Ms. Littlefield filed this slip and fall action for damages sustained in a fall on the premises of defendant Iberia Bank. The petition alleges Ms. Littlefield tripped on a recently renovated and undesignated incline as she exited the bank. The petition named Iberia Bank (bank) and its insurer, Zurich Insurance Company as defendants. The matter was joined, and in due course, defendants filed a motion for summary judgment. After consideration, the trial court granted the motion and dismissed plaintiff's action. It is that judgment on appeal to this court.

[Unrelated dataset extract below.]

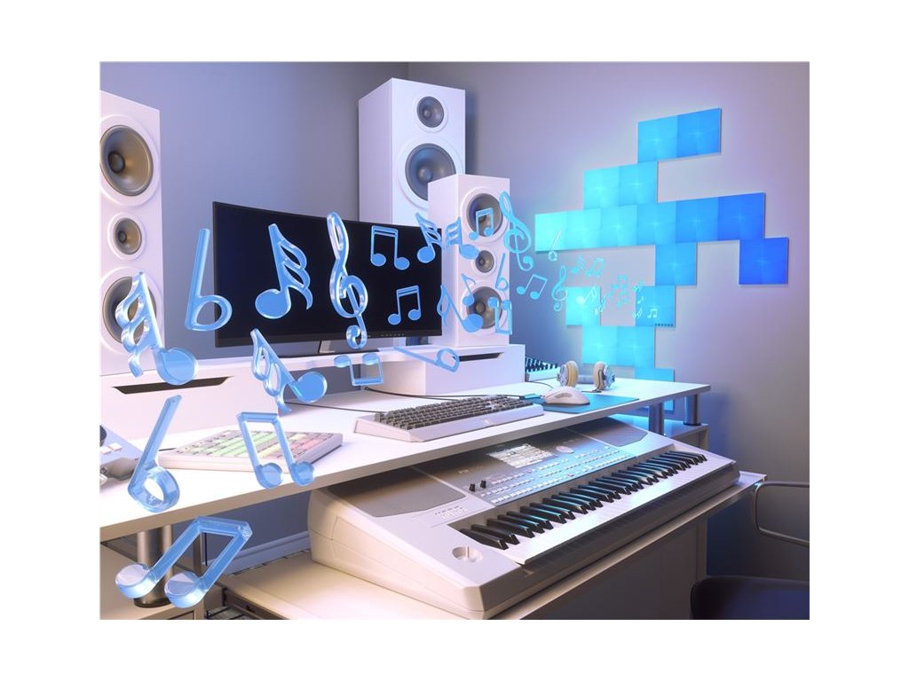 - Ritmul vă permite să urmăriți sunetul, să potriviți vizual muzica cu animații colorate proiectate pe panouri și să creați o simfonie de lumini și muzică.
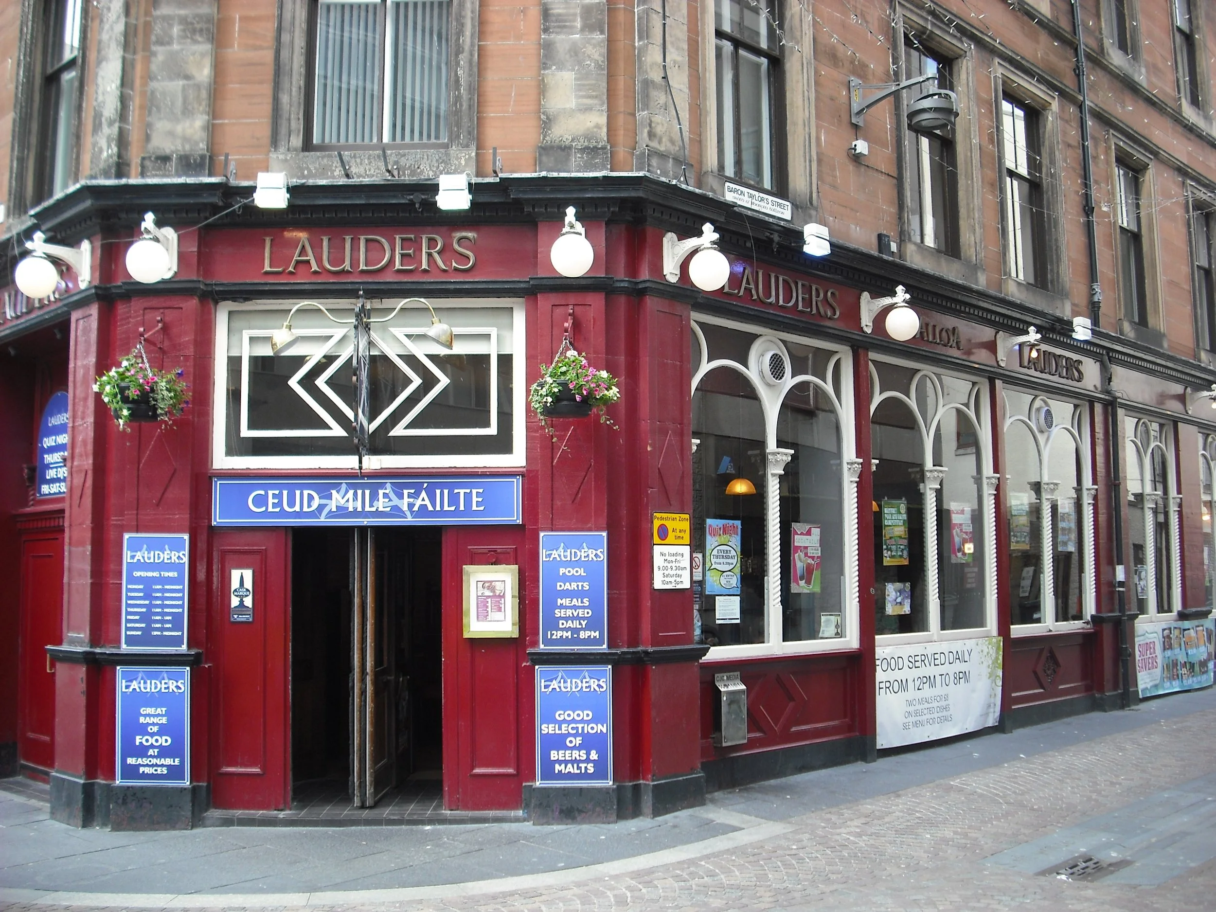 Starting at the Inverness Town House found on the corner where the High St becomes pedestrianised at this point there is The Caledonian. Now walk down towards the river and turn right into the narrow Church St. On the next corner is Lauders.

This designated record contains the attachments to the memoranda both in support of and opposition to the motion for summary judgment. One of the attachments is the deposition of plaintiff, Wandalia Littlefield. In the deposition, Ms. Littlefield related that she went to the bank on July 3, 2002, to withdraw some money in preparation for a trip she was taking. She had been in that bank two or three times before and the weather on this day was fine. She entered the bank through the front door by way of the ramp. On her way in she did not notice anything unusual about or any foreign substance on the ramp. Ms. Littlefield stated that as she exited the bank, she saw the pea gravel cement ramp and did not perceive any problems with the ramp. She further stated that she is not sure what caused her to fall, but said “it felt like somebody pushed me into the parking lot with a great force somehow.” She denied that anyone was near her when she fell and also stated that she had no prior problems with the shoes she was wearing at the time of the fall. Ms. Littlefield stated that she did not know why she fell, but she thinks it was because of the ramp. She fell forward out into the parking lot, injuring her knees, elbows and hands. She also had pain in her chest, back and neck. After the fall, a gentleman approached and told Ms. Littlefield to remain still and that he would go into the bank and call an ambulance. Two employees from the bank came out to assist her.

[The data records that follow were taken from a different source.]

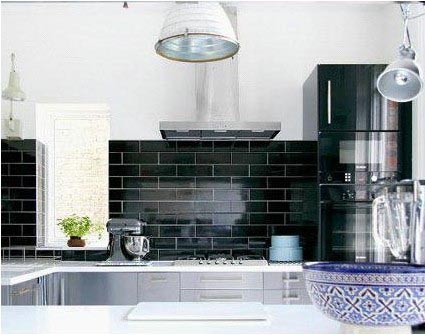 料理台面上黑色的瓷砖与其他房间的风格相同,白色的粘缝剂仿佛整齐排列的几何图形,比起单纯的用色,这样的搭配更能提升厨房里的视觉效果。
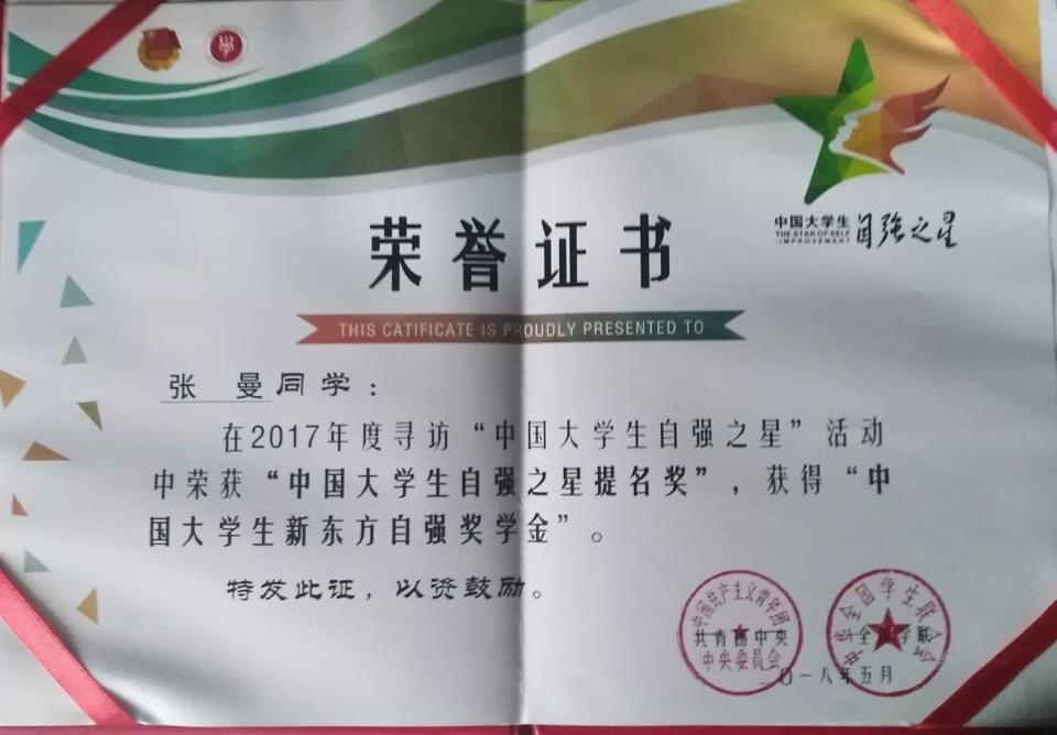 日前,由共青团中央、全国学联主办,中国青年报报社、中国高校传媒联盟承办,新东方科技教育集团协办的“2017年中国大学生自强之星”寻访活动揭晓,我院学生张曼荣获“中国大学生自强之星”提名奖,并获得“中国大学生新东方自强奖学金”。
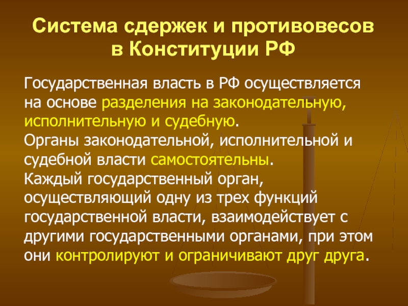 Слайд 14Система сдержек и противовесов в Конституции РФ

Defendants attached the Affidavit of Dwain Gannard, Vice President and Bank Manager for the bank, in which he states that he has worked at the location for eighteen years and there have been no other incidents or accidents in this area. Further, there have been no complaints about the ramp during that time. The ramp is painted safety yellow and white, and has been maintained since its installation. His affidavit supports Ms. Littlefield's testimony that the day of the accident was clear with no weather problems and that the ramp was clean and free of foreign substances.
Defendants also presented the Affidavit of Fred Vanderbrook, a professional engineer with expertise in the field of safety, lighting, ramps and code standards relative to the Parish of Jefferson. He testified that he personally inspected the ramp in question and found no irregularities in the surface that would likely cause a tripping hazard. He further found that the asphalt surface of the ramp provided excellent traction for normal usage and that the area was brightly lit and easy to negotiate. Mr. Vanderbrook opined that the ramp was very visible to anyone paying attention because it is painted in bright traffic yellow and blue paint. The geometry of the ramp is good, with a gradual slope down to the parking area and the dimensions are well defined by the paint. There are no code violations in the location or design of the ramp and it does not present an unreasonable risk of harm to pedestrians.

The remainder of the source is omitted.